To assess possible biases related to substrate usage (genomic DNA [gDNA] vs complementary DNA [cDNA]) and different laboratory personnel, we included 2 controls: (1) sample replicates (ie, 1 subset 2 case was analyzed twice starting from either genomic DNA or complementary DNA), and (2) user replicates (ie, 2 libraries from the same subset 2 case prepared by different laboratory members).

Detailed information about the high-throughput sequencing approach is provided in the supplemental Methods.

Base-calling, quality control, adapter trimming, and demultiplexing were performed with the Illumina signal-processing software. Downstream analysis was performed by the TRIP bioinformatics analytical toolbox.^26,27  Only productive, in-frame gene rearrangements were evaluated. SHM characteristics were evaluated as described.^7,16,28,29 

Clonotypes were defined as IGHV-IGHD-IGHJ or IGLV-IGLJ gene rearrangements with identical IGHV/IGLV gene and VH/VL CDR3 amino acid sequences within a sample. Clonotypes with different amino acid substitutions within the sequence of the rearranged IGHV/IGLV gene excluding the VH/VL CDR3 region were defined as subclones. They were considered to be expanded (shaping clusters) when they included at least 2 sequences, otherwise referred to as a “singleton.” The most expanded clonotype within a sample was deemed the dominant one. Analysis of clonotype branching introduced by SHM was performed using the TRIP tool to determine the 20 most frequent clonotypes of each sample.²⁷ 

“Convergent recombination” is the term used for describing the phenomenon of different nucleotide sequences degenerately encoding the same VH/VL CDR3 amino acid sequence.^30-33 

Figure 1 provides a schematic of the definitions used in this manuscript for describing immunogenetic variation at different levels.

A detailed account of the bioinformatics approach is given in supplemental Methods and supplemental Table 2.

The subset 169 case P6540 BcR Fab fragment was expressed in recombinant form in HEK293 cells, as previously described,¹⁷  then purified and crystallized.

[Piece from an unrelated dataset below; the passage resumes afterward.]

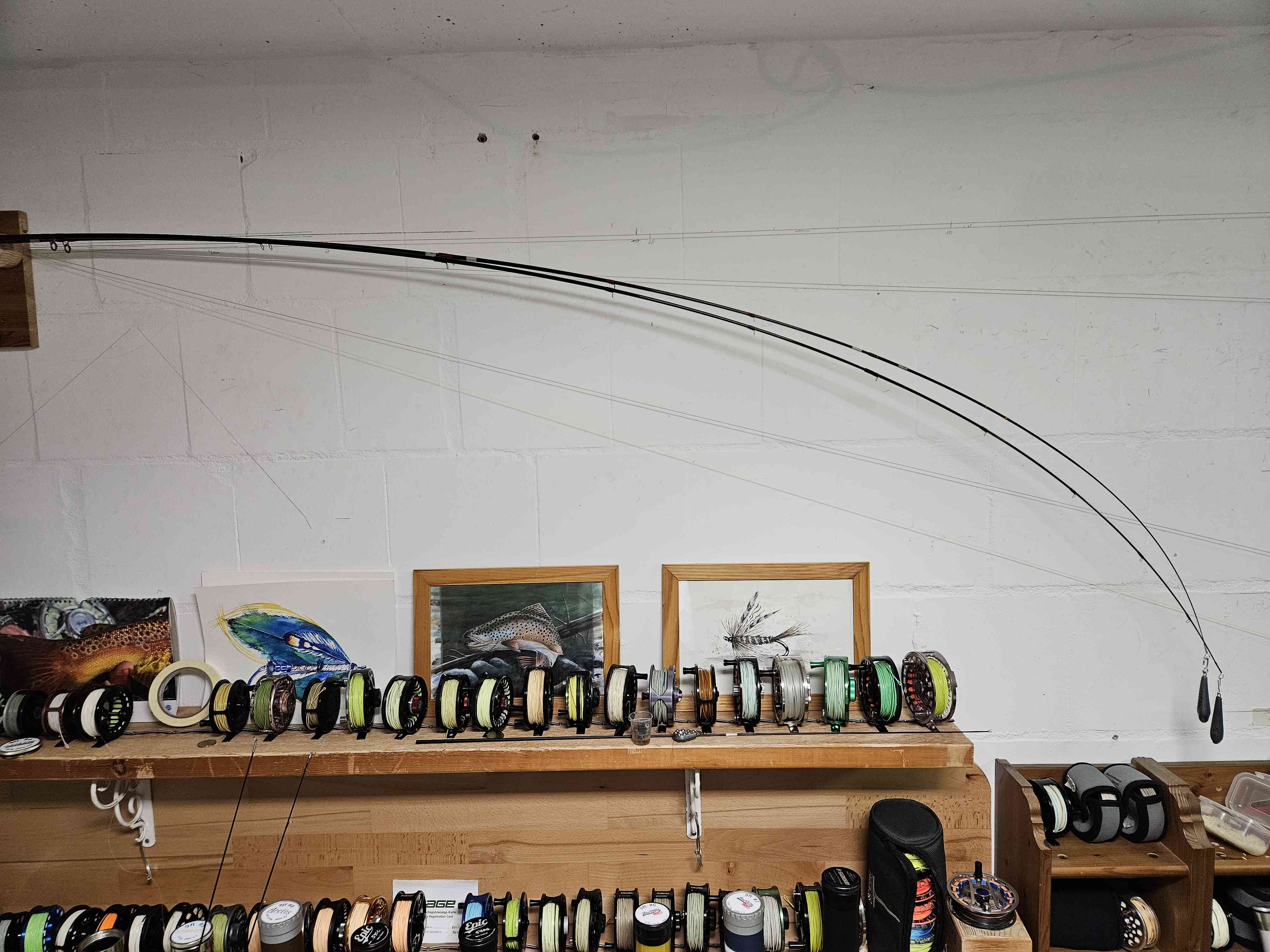 Das erinnert mich daran, dass ich vor 5 Jahren auch mal einen 7/8er Fliegenblank mit einer leichten Spitze ausgestattet und auch richtig ausgetestet habe. 2-7g war das WG nach dem Wurfgewichtsrechner von Theo M. Den unteren Wert konnte ich beim Werfen bestätigen, der obere hätte aber mindestens 15g lauten müssen. Leider nur unvollständig vermessen. Reinhard musste mich daran erinnern, was ich schon damals eigentlich wusste, dass die 15° Methode, bei solchen Spitzenaktionen, das Rückgrat überhaupt nicht abbildet. Ich muss bei der Rute noch mal die ERN bestimmen, mal sehen was die sagt. Leider wird eine Fliegenschnur durch die Ringe passen.
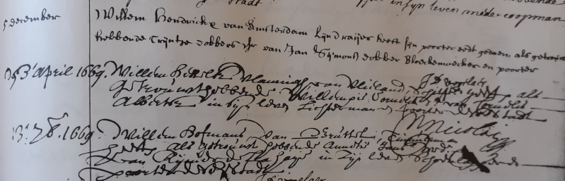 Photograph from the Poorterboeken in the Stadsarchief of Amsterdam of April 3, 1669

Its crystal structure was determined and refined to 3.4 Å resolution (supplemental Table 3).

Full experimental details are presented in the supplemental Methods, also regarding the comparison of the subset 169 case P6540 fragment vs the subset 2 case P11475 BcR Fab fragment, the latter previously reported by our group.¹⁷ 

Descriptive statistics for qualitative parameters included counts and frequency distributions. For quantitative variables, statistical measures included mean, median, and minimum/maximum values. Analysis of variance was used to evaluate the mean differences in clonotypes, subclones, and convergent recombination between sample categories. Post hoc analysis was performed to assess the multiple pairwise comparisons, using the Bonferroni correction and the homogeneity of possible subgroups identified by Duncan’s test. For the statistics regarding the shared clonotypes between different sample categories, Pearson’s χ² test with Yates’s continuity correction was used. For all comparisons, a significance level of P = .05 was set.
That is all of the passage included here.